Der Wert und die Macht der Aufopferung des Kostbaren Blutes.

(Fortsetzung von „Die große Versöhnungsmacht“)

Dem hl. Caspar del Bufalo wurden Blicke in die Zukunftsgeschichte Europas gewährt. Was er sah, war so schrecklich, dass er im Innersten erschauderte und unter Tränen seine Mitbrüder immer wieder ermahnte, das Kostbare Blut Jesu Christi dem himmlischen Vater aufzuopfern mit der Bitte um Abwendung der drohenden Strafgerichte. Er versicherte dabei, dass in den für die kommenden Zeiten angekündigten Heimsuchungen jene Barmherzigkeit finden werden, die das Kostbare Blut in besonderer Weise verehren. Er selbst hat zu seinen Lebzeiten wiederholt die Erfahrung gemacht, wie sehr dieses Mittel geeignet sei, den Zorn Gottes zu besänftigen und die Strafgerichte abzuwenden.

Als im Jahre 1837 in Rom die Cholera ausbrach und täglich Hunderte von Menschen wegraffte, hielt der hl. Kaspar auf Geheiß des Papstes eine Mission in vielen Kirchen der Stadt, mit einer Sühne und Bußandacht zum Kostbaren Blute; und Gott nahm diese furchtbare Geißel hinweg. Im Jahre 1849 wurde Papst Pius IX. durch eine Revolution aus Rom vertrieben. Die Aufständischen behaupteten sich immer mehr und an eine Rückkehr des Heiligen Vaters war nicht zu denken. Erst als Papst Pius IX. sich auf Anraten des ehrwürdigen Pater Johannes Merlini (3. Generaloberer der Missionäre vom Kostbaren Blute) entschloss, das Fest des Kostbaren Blutes auf die ganze Welt auszudehnen durch ein Dekret verordnete, dass dieses Fest fortan in der ganzen Kirche am ersten Sonntag im Juli zu feiern sei, wurden die Feinde plötzlich so geschlagen, dass sie sich am anderen Tage ohne weiteres Blutvergießen ergaben. Rom war wieder frei, und der Heilige Vater konnte unbehindert zurückkehren. So lasset auch uns wieder tiefer und eindringlicher die Stimme des Blutes Christi übernehmen, ja lassen wir unsere Herzen wieder neu in glühender Liebe zum Kostbaren Blute entflammen und mit unerschütterlichen Vertrauen auf seine Macht beseelen.

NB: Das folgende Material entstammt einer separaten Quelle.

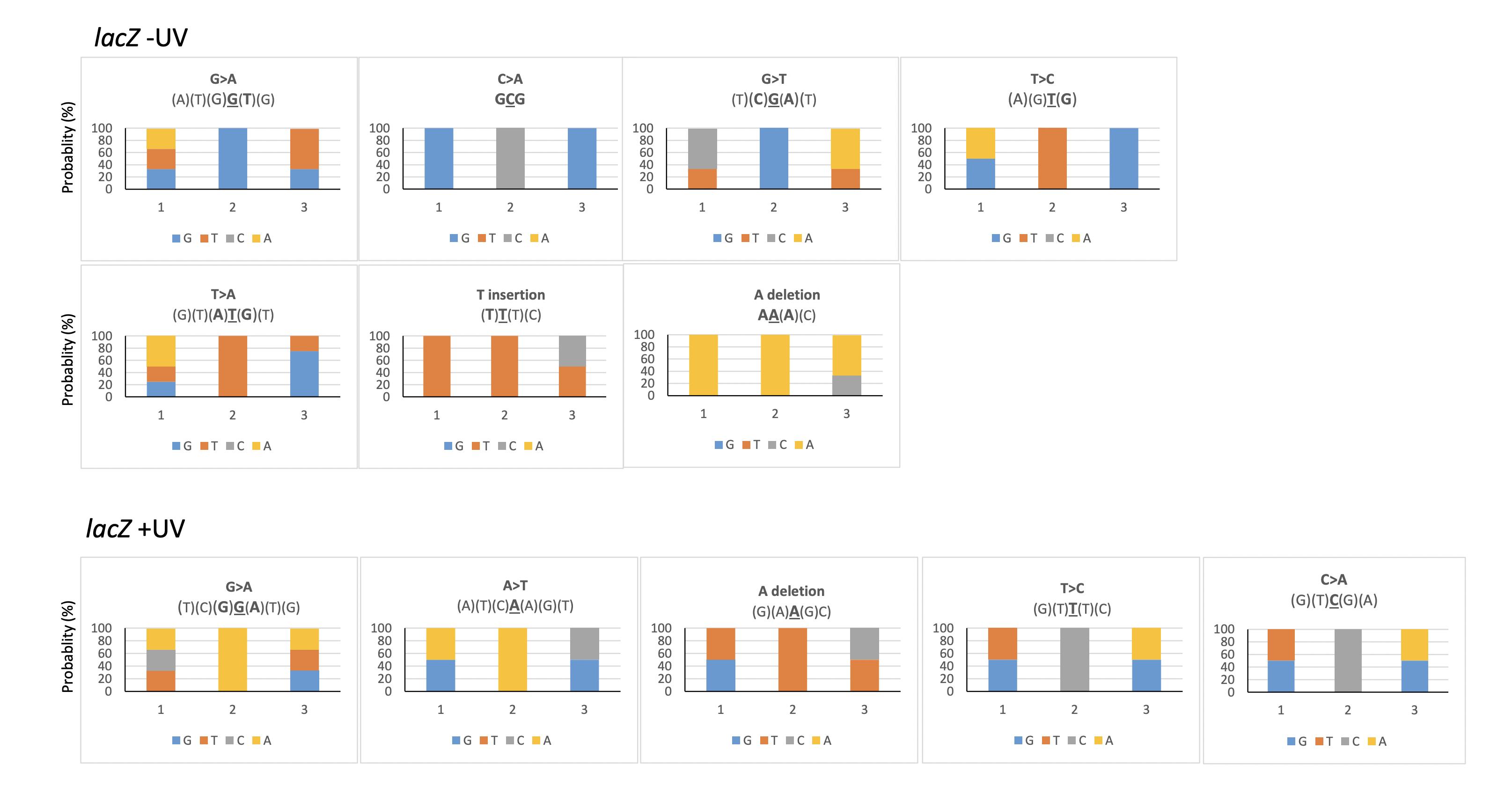 Supplementary Figure S2. Analysis of SNVs dinucleotide environment generated on a plasmid bearing the lacZ reporter gene not irradiated (-UV) or irradiated (+ UV) with UV-C recovered from Xenopus early embryos. The histogrammes represent the probability to find the indicated base at the positions immediately 5’ (position 1) end 3’ (position 3) of the SNV (position 2). A consensus is indicated above each histogram. Slashs separate alternate bases at each position while hyphens separate bases. DNA bases in bold highlight most abundant base at that position. Underlined and bold bases indicate the position where the change has occurred. |

Pater Faber, der große Lobredner des Kostbaren Blutes im 19. Jahrhundert, sagte: „Die Aufopferung des Kostbaren Blutes ist mehr wert als ein Gebet. Beim Gebet sind wir es, die empfangen, aber bei der Aufopferung lässt sich Gott zu uns herab, um von uns zu empfangen.“

Die hl. Magdalena von Pazzis rief in einer Verzückung aus: „Jedesmal, wenn eine Kreatur das Kostbare Blut Jesu Christi, durch das sie erkauft worden ist, aufopfert, bringt sie eine Gabe von unendlichem Wert dar, den niemand ersetzen kann.“ Diese Übung hatte Gott ihr geoffenbart, als Er sich bei ihr beklagte, dass man auf Erden so wenig Anstrengungen mache, um Seinen gegen die Sünder erhobenen Arm zu entwaffnen. Dieser Ermahnung folgend, opferte sie täglich fünfzigmal das Kostbare Blut zum Heile der Lebenden und Verstorbenen auf. Sie tat es mit solcher Andacht, dass ihr Gott bei mehreren Gelegenheiten die vielen Seelen zeigte, deren Bekehrung sie auf diese Weise erlangt, und all die armen Seelen, die sie aus dem Fegefeuer befreit hatte. Ein anderes Mal sah die heilige Magdalena in der Verzückung alle heiligen Schutzpatrone der Stadt Florenz in Begleitung einer unzähligen Menge von anderen Himmelsbürgern vor dem Throne Gottes; alle legten Fürbitte ein für die armen Sünder, wurden aber nicht erhört. Nach diesen kamen die Schutzengel der armen Sünder, auch diese fanden keine Erhöhung. Nach den Engeln kamen Scharen der Seligen und flehten für die tief verschuldeten Seelen. Diese aber opferten zugleich dem ewigen Vater das Kostbare Blut Jesu Christi auf, und um dieses Blutes willen wurden sie erhört.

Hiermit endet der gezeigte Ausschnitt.